======== GIVEN DATA

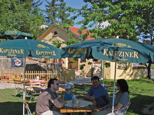 Das Konzept von Melanie Bauer ist einfach und hat es doch in sich: Hier ist die ganze Familie am Werk und will insbesondere anderen Familien eine schöne Zeit bereiten. Klingt banal, ist es aber nicht, in jeder Hinsicht. Und so erwartet Sie ein verwinkeltes, überall begrüntes Kleinod, das so auch in der Toscana stehen könnte. Liebevoll kommt auch die Küche daher, unser Favorit war der Bratwurstsalat, aber auch Kochkäse und Gerupfter wussten zu überzeugen. Wer es warm haben will, kann auf Pinsa und Burger zurückgreifen.
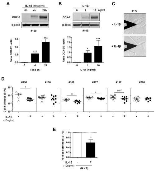 Effect of interleukin-1β (IL-1β) stimulation on the stiffness of primary human pulmonary fibroblasts. (A,B) Representative western blot of COX-2 and β-actin of fibroblasts stimulated with IL-1β at different time points A (top) and doses B (top); (bottom panels) corresponding densitometric analysis. (C) Representative phase contrast image of an atomic force microscopy (AFM) force sensor (cantilever) on top of a single fibroblast stimulated with or without IL-1β for three days. The tip located at the end of the cantilever was used to indent the perinuclear region of each cell locally while monitoring the corresponding opposing force to compute Young´s modulus (E). (D) Total E values obtained on single fibroblasts from our donor cohort (identified by the symbol #150–200) upon IL-1β stimulation as in (B). (E) Fold average E of single fibroblasts measured from each donor shown in C. Horizontal dashed line corresponds to no change (fold ratio = 1). * p < 0.05, ** p < 0.01, *** p < 0.005 were determined by Student’s t-test (here and thereafter) comparing either different time-points with respect to 0 h (A) or presence and absence of IL-1 β stimulation (B,D,E).
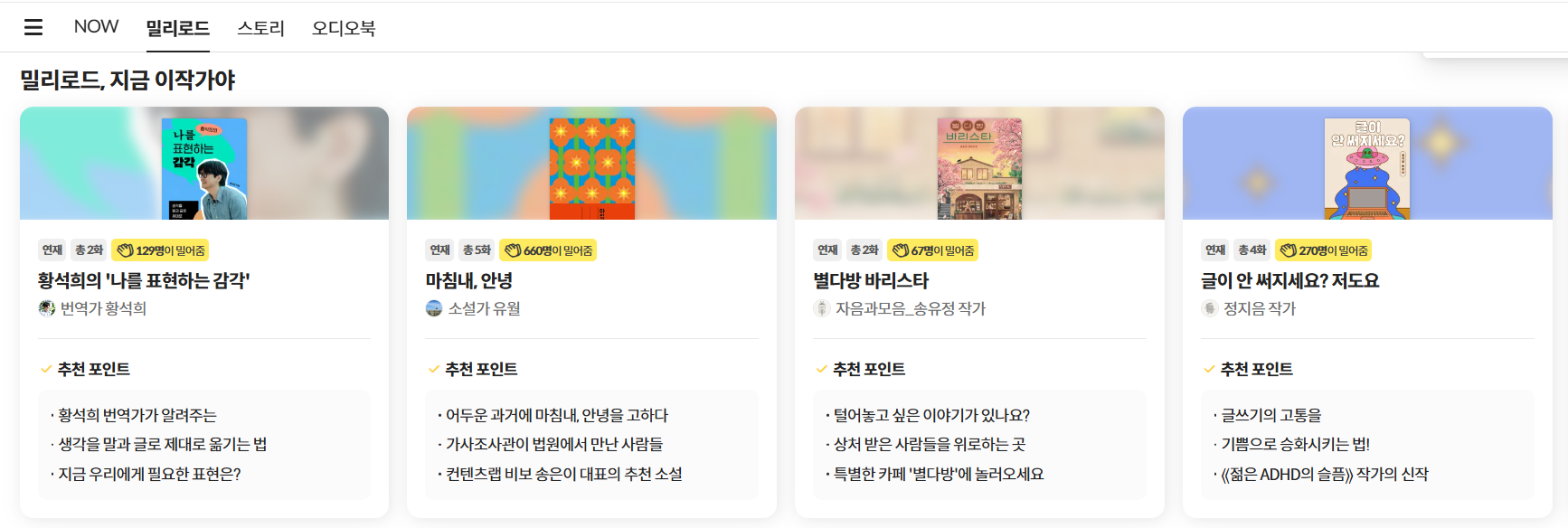 밀리로드라는 곳을 알게 되었습니다. 전에 밀리의 서재에서 연간구독을 한 경험이 있었는데, 밀리로드는 글쓰기 플랫폼인데 진입장벽이 없어서 글이나 그림을 올려보고 사람들의 평가를 받아보기에 좋습니다.
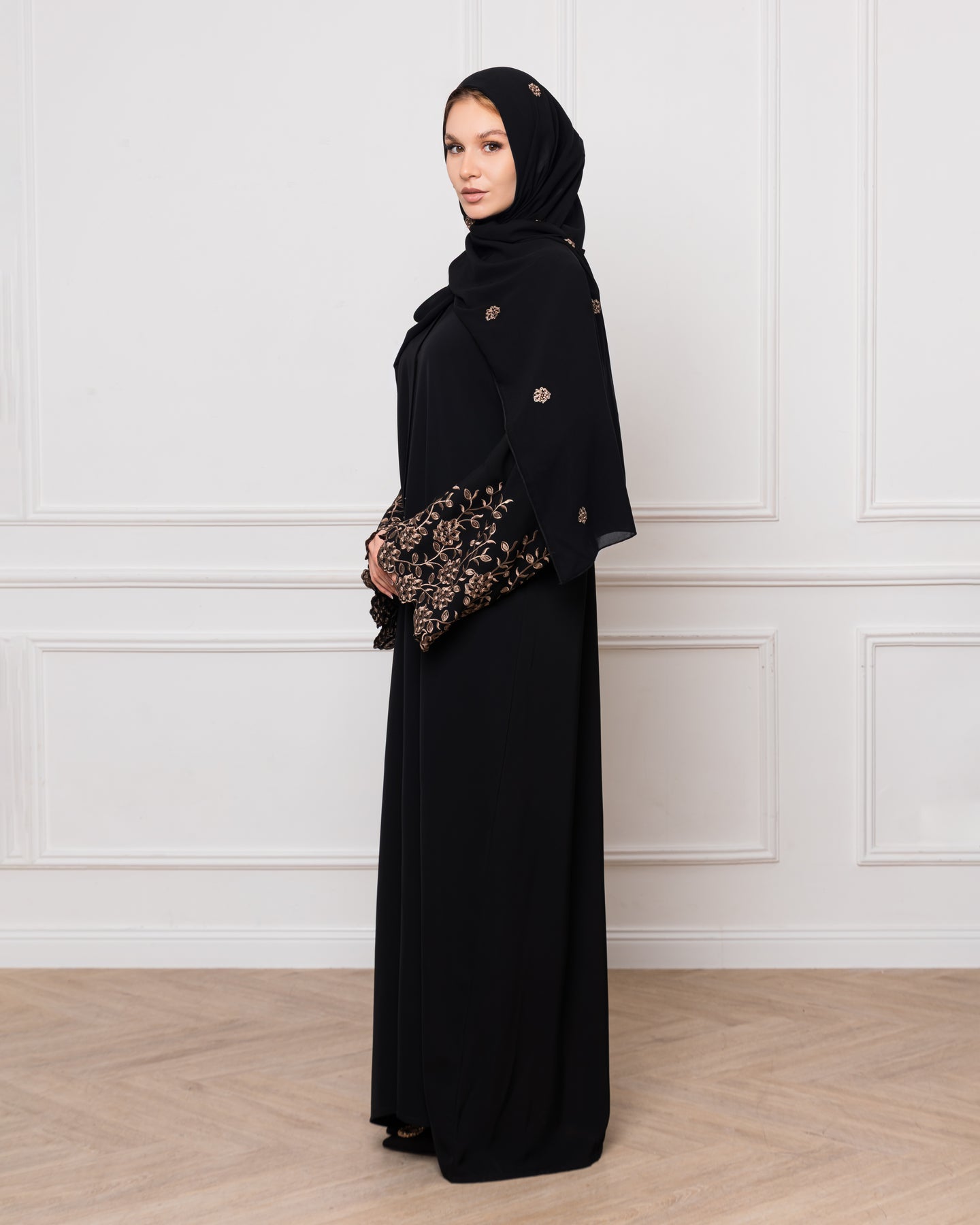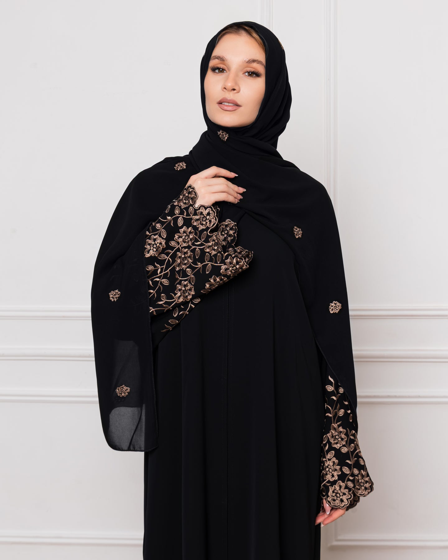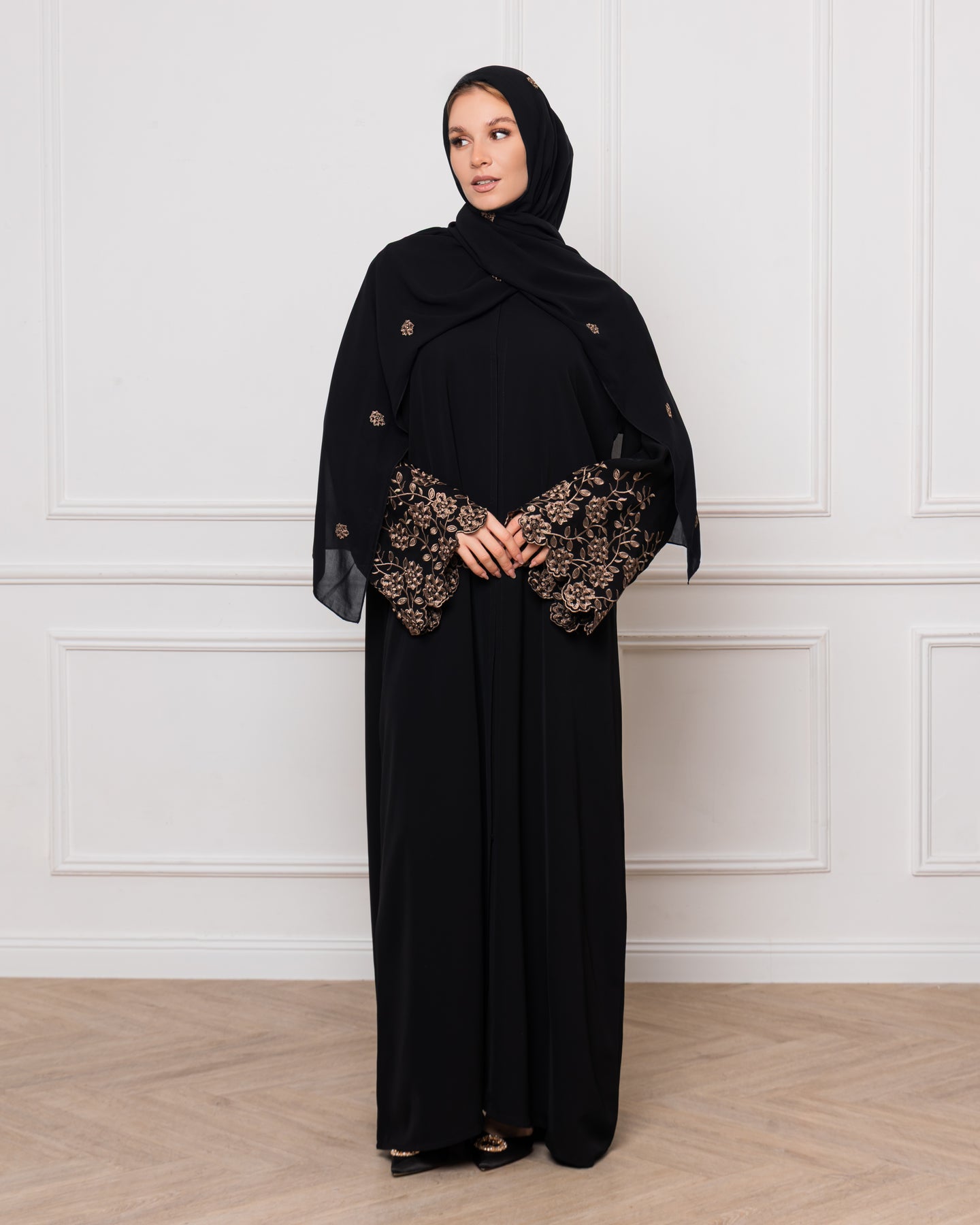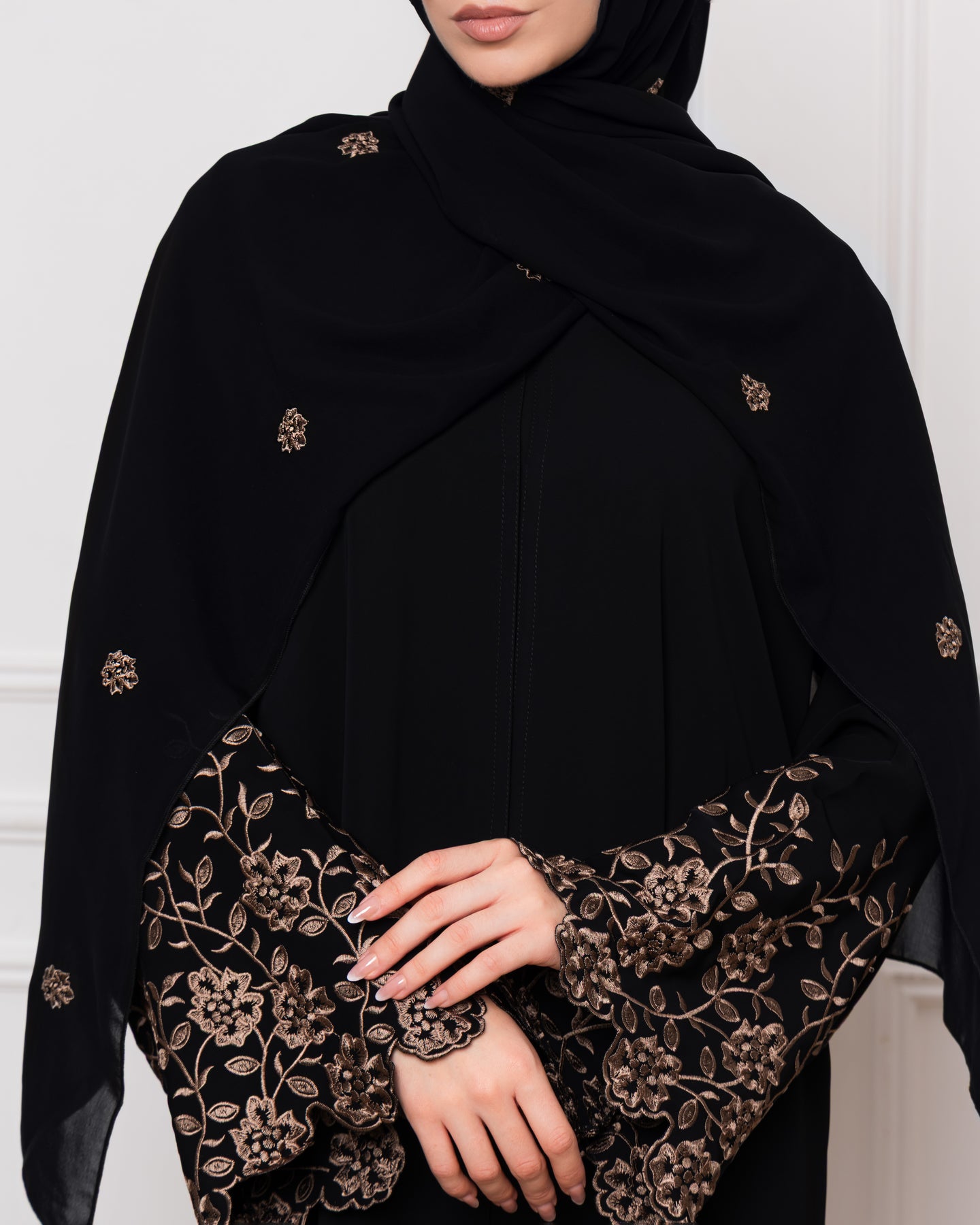 The abaya features a front-open design with fastening buttons, making it easy to layer and style. Paired with a pure Arabic chiffon scarf (80 x 28 inches) finished with matching floral embroidery, this set delivers a complete, polished look without any extra effort.
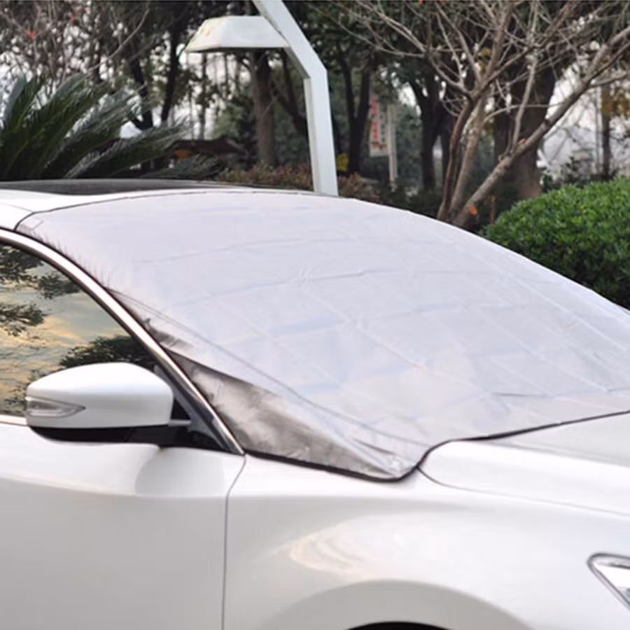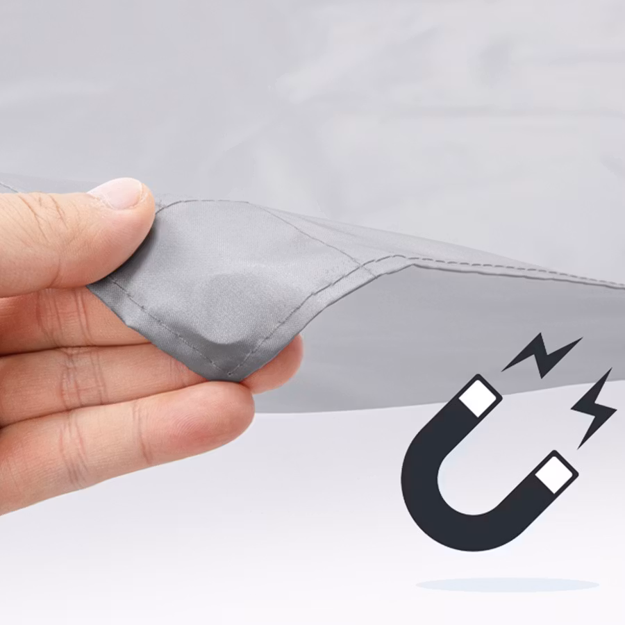 Frontrutebeskyttelsen er utstyrt med innsydde magneter i kantene slik at du enkelt kan feste frontrutebeskyttelsen til bilens utside uten å skade lakken, samtidig som du forhindrer at beskyttelsen blåser av.
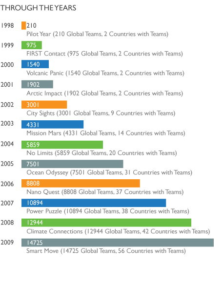 Starting from the pilot tournament in 1998 in which 210 teams from 2 countries participated, FLL has grown steadily across the globe, and is now widely acknowledged as one of the best competitions to introduce kids to science and technology and motivate them.
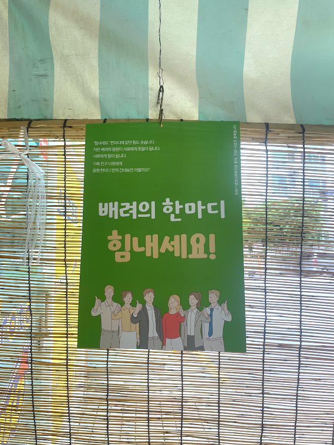 사장님께 상가인사캠페인의 취지를 설명드리고, 포스터 부착을 제안드렸습니다. 사장님께서 흔쾌히 허락해주셨습니다.
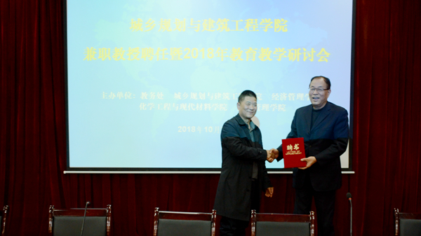 10月31日,城鄉規劃與建筑工程學院兼職教授聘任暨2018年教育教學研討會順利舉行,西安建筑科技大學白國良教授在會上受聘為我校兼職教授。校長范新會出席聘任儀式并為白教授頒發聘書。校黨委委員、教務處處長李超,校黨委委員、城鄉規劃與建筑工程學院院長楊存典及人事處相關負責人參加了聘任儀式。聘任儀式由李超主持。

================

▶ _WHAT TO DO_: Reproduce every record in full. Leave out the images.

▶ _ANSWER TO THE PROBLEM_:
 Das Konzept von Melanie Bauer ist einfach und hat es doch in sich: Hier ist die ganze Familie am Werk und will insbesondere anderen Familien eine schöne Zeit bereiten. Klingt banal, ist es aber nicht, in jeder Hinsicht. Und so erwartet Sie ein verwinkeltes, überall begrüntes Kleinod, das so auch in der Toscana stehen könnte. Liebevoll kommt auch die Küche daher, unser Favorit war der Bratwurstsalat, aber auch Kochkäse und Gerupfter wussten zu überzeugen. Wer es warm haben will, kann auf Pinsa und Burger zurückgreifen.
 Effect of interleukin-1β (IL-1β) stimulation on the stiffness of primary human pulmonary fibroblasts. (A,B) Representative western blot of COX-2 and β-actin of fibroblasts stimulated with IL-1β at different time points A (top) and doses B (top); (bottom panels) corresponding densitometric analysis. (C) Representative phase contrast image of an atomic force microscopy (AFM) force sensor (cantilever) on top of a single fibroblast stimulated with or without IL-1β for three days. The tip located at the end of the cantilever was used to indent the perinuclear region of each cell locally while monitoring the corresponding opposing force to compute Young´s modulus (E). (D) Total E values obtained on single fibroblasts from our donor cohort (identified by the symbol #150–200) upon IL-1β stimulation as in (B). (E) Fold average E of single fibroblasts measured from each donor shown in C. Horizontal dashed line corresponds to no change (fold ratio = 1). * p < 0.05, ** p < 0.01, *** p < 0.005 were determined by Student’s t-test (here and thereafter) comparing either different time-points with respect to 0 h (A) or presence and absence of IL-1 β stimulation (B,D,E).
 밀리로드라는 곳을 알게 되었습니다. 전에 밀리의 서재에서 연간구독을 한 경험이 있었는데, 밀리로드는 글쓰기 플랫폼인데 진입장벽이 없어서 글이나 그림을 올려보고 사람들의 평가를 받아보기에 좋습니다.
 The abaya features a front-open design with fastening buttons, making it easy to layer and style. Paired with a pure Arabic chiffon scarf (80 x 28 inches) finished with matching floral embroidery, this set delivers a complete, polished look without any extra effort.
 Frontrutebeskyttelsen er utstyrt med innsydde magneter i kantene slik at du enkelt kan feste frontrutebeskyttelsen til bilens utside uten å skade lakken, samtidig som du forhindrer at beskyttelsen blåser av.
 Starting from the pilot tournament in 1998 in which 210 teams from 2 countries participated, FLL has grown steadily across the globe, and is now widely acknowledged as one of the best competitions to introduce kids to science and technology and motivate them.
 사장님께 상가인사캠페인의 취지를 설명드리고, 포스터 부착을 제안드렸습니다. 사장님께서 흔쾌히 허락해주셨습니다.
 10月31日,城鄉規劃與建筑工程學院兼職教授聘任暨2018年教育教學研討會順利舉行,西安建筑科技大學白國良教授在會上受聘為我校兼職教授。校長范新會出席聘任儀式并為白教授頒發聘書。校黨委委員、教務處處長李超,校黨委委員、城鄉規劃與建筑工程學院院長楊存典及人事處相關負責人參加了聘任儀式。聘任儀式由李超主持。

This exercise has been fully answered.